Task: Nothing but the lines below between the line holding "90% Mix ( Ragi, Jowar, Bajra), 10%" and the line holding "シンプルながらも洗練されたデ", inclusive, should appear in the answer, each set down exactly.

Records:
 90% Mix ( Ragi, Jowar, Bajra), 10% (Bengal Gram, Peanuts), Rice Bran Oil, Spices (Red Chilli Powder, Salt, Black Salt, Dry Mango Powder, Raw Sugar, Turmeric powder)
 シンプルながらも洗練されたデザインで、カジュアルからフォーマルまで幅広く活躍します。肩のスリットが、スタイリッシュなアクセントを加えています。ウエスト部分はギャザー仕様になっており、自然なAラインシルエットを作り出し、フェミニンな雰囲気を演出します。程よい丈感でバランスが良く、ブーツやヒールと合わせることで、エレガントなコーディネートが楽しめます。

...

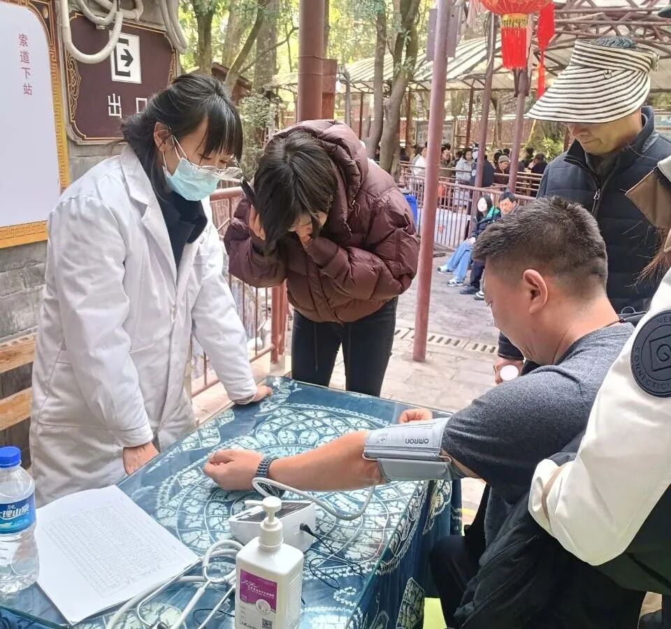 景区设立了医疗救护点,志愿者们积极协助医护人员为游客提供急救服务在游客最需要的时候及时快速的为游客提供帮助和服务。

Problem solution:
 90% Mix ( Ragi, Jowar, Bajra), 10% (Bengal Gram, Peanuts), Rice Bran Oil, Spices (Red Chilli Powder, Salt, Black Salt, Dry Mango Powder, Raw Sugar, Turmeric powder)
 シンプルながらも洗練されたデザインで、カジュアルからフォーマルまで幅広く活躍します。肩のスリットが、スタイリッシュなアクセントを加えています。ウエスト部分はギャザー仕様になっており、自然なAラインシルエットを作り出し、フェミニンな雰囲気を演出します。程よい丈感でバランスが良く、ブーツやヒールと合わせることで、エレガントなコーディネートが楽しめます。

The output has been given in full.